§ **Work to be completed**
Only the lines from the top of the records below through the line containing "24~105ミリ 絞りf5.6 3200分の1秒)" should be printed, exactly and without pictures.

*** Opening Data records ***

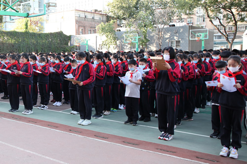 学校党委祝贺初一年级少先队大队成立,并希望少先队员们珍惜中学时光,胸怀理想,锤炼品格,从日常的一点一滴做起,奋发图强,成长为能够担当民族复兴大任的时代新人。
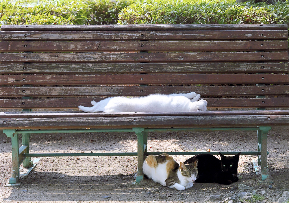 白、黒、三毛の三者三様がかわいらしい。白はまぶしさや暑さより、眠気が勝っているんでしょうか。(キヤノンEOSR6マークⅡ 24~105ミリ 絞りf5.6 3200分の1秒)
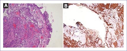 Figura 1 Fotomicroscopia. A: hematoxilina - eosina (x10): proliferación mesotelial atípica, de morfología epitelioide. B: inmunohistoquímica (x4): calretinina, positivo.
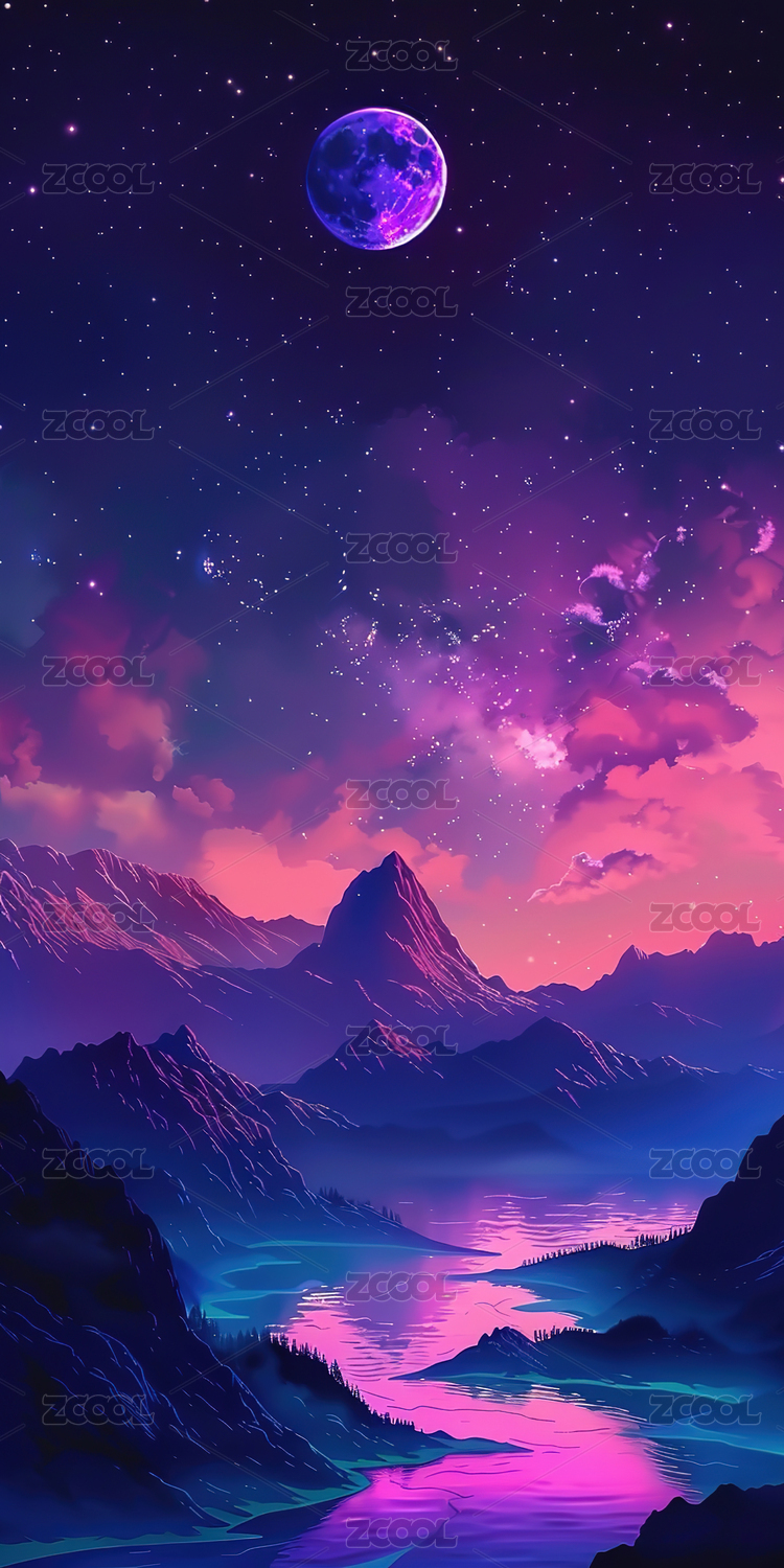 梦幻唯美夜晚星空风景插画
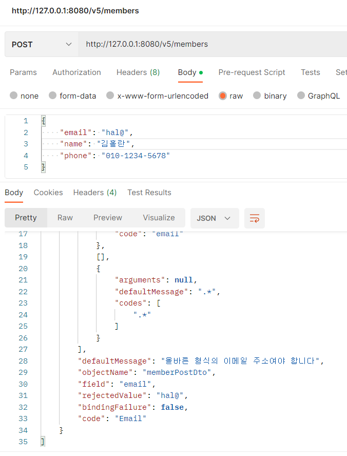 - postMethod(postMember)에서 유효성 검증이 실패 했을때
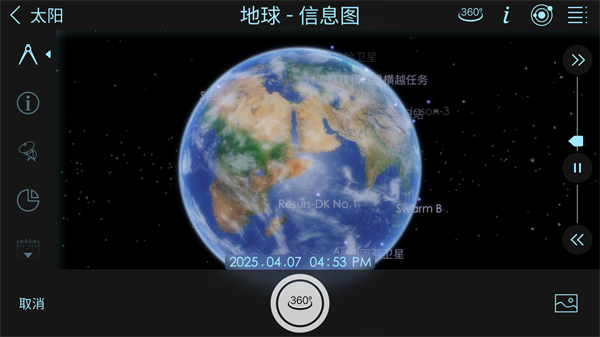 4、在这里能够对它进行360°的旋转操作,查看地球的详细信息图。
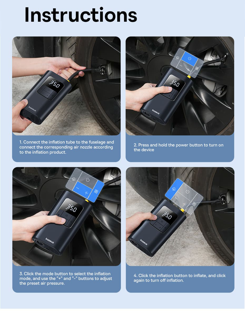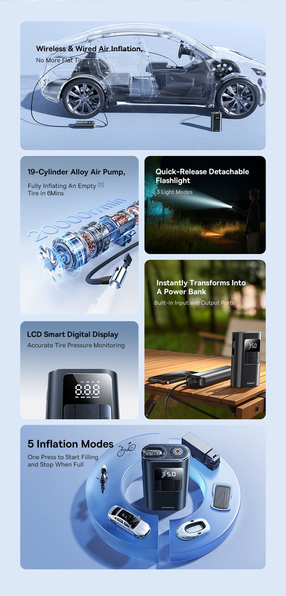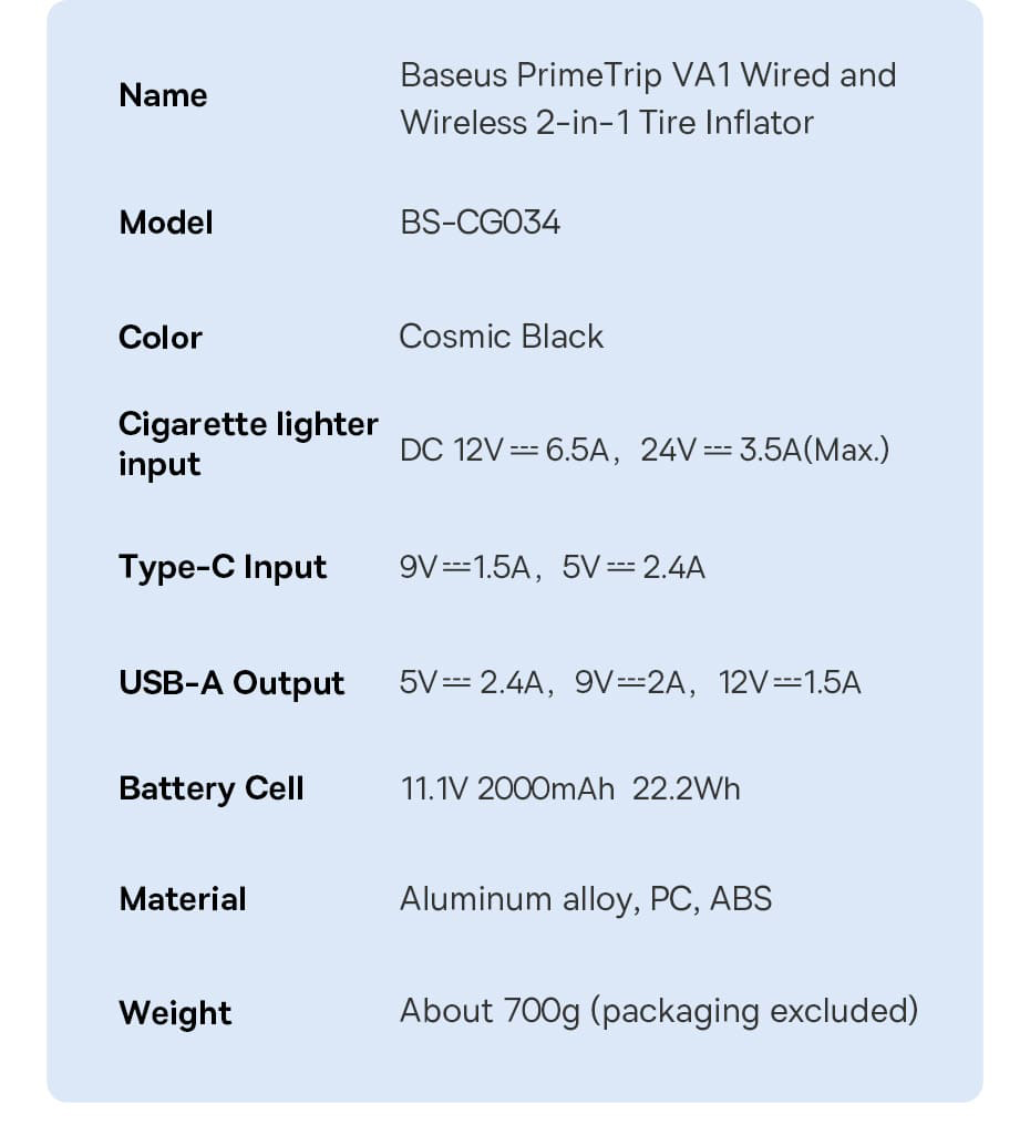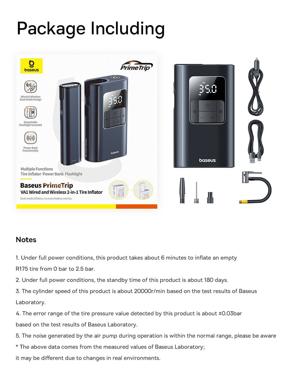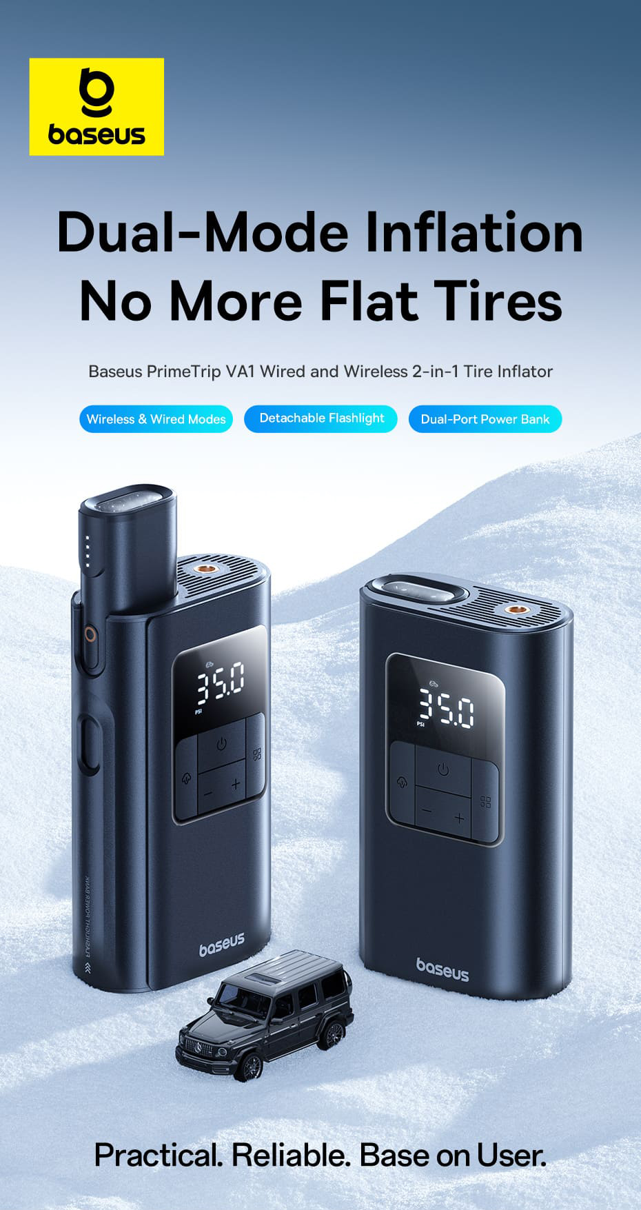 | Tên | Bơm Lốp Kiêm Sạc Dự Phòng Mini Baseus PrimeTrip VA1 Wired and Wireless 2-in-1 Tire Inflator |
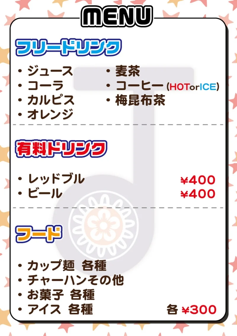 | ドリンク メニュー | フリードリンク ・ジュース ・コーラ ・カルピス ・オレンジ ・麦茶 ・コーヒー(HOT・ICE) ・梅昆布茶 有料ドリンク 各種400円 ・レッドブル ・ビール |
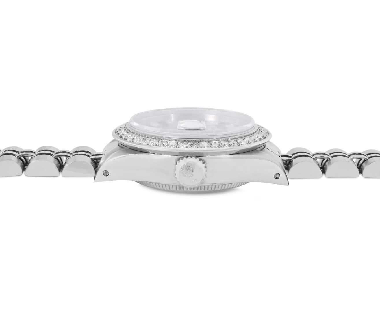 One Rolex Ladies Pre Owned Stainless Steel Date Wristwatch Polished Bright with Satin Finish, Serviced And Electronically Tested, Stainless Steel Case: 26mm, Stainless Steel Crown, Custom Bezel: New Stainless Steel Beadset Diamond Bezel, Diamond Count: 40 Diamonds. Custom Crystal: New Sapphire With Magnified Date Window. Custom Hands: New Solid Hands. Rolex Movement: Automatic Winding Movement 2035. Custom Dial: Custom Gray Dial With Added Diamond Hour Markers And Lumi Dots, Diamond Count: 10 Diamonds On Dial. Date Window: 3 O'Clock Position Date Display, Model: Date. Condition: G-6 Extra Fine. Rolex Bracelet: Stainless Steel Jubilee Band. Bright Polish And Satin Finish. 6.0 Inch Length, Adjustable. Standard Clasp, With Rolex Logo. This Watch Has Been Serviced And Time Tested. It Is In Excellent Condition, Free Of All Scratches And Dents.
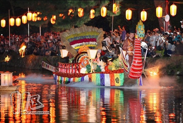 祭典当晚,猿泽池中河灯在明月下闪烁,两艘管弦船缓慢地在水面上前行。身着和服的“花扇使”把用7种秋天的草装饰的花扇投入池中以示祭奠。
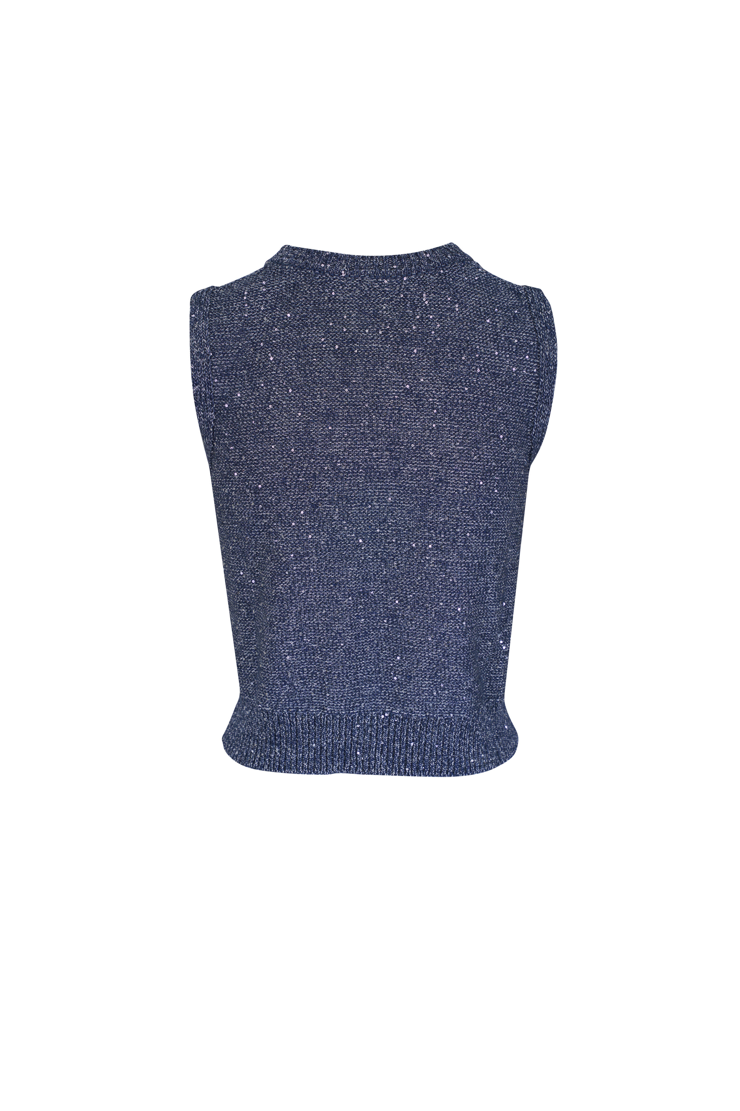 Crew neckline. Ribbed knit trim. All over sequin detailing. Fabric from Italy. Approximately 19" shoulder to hem (measurements taken from size 4). 56% linen, 28% polyester, 16% cotton. Dry clean.

*** Closing Data records ***

§ **Answer to this task**
 学校党委祝贺初一年级少先队大队成立,并希望少先队员们珍惜中学时光,胸怀理想,锤炼品格,从日常的一点一滴做起,奋发图强,成长为能够担当民族复兴大任的时代新人。
 白、黒、三毛の三者三様がかわいらしい。白はまぶしさや暑さより、眠気が勝っているんでしょうか。(キヤノンEOSR6マークⅡ 24~105ミリ 絞りf5.6 3200分の1秒)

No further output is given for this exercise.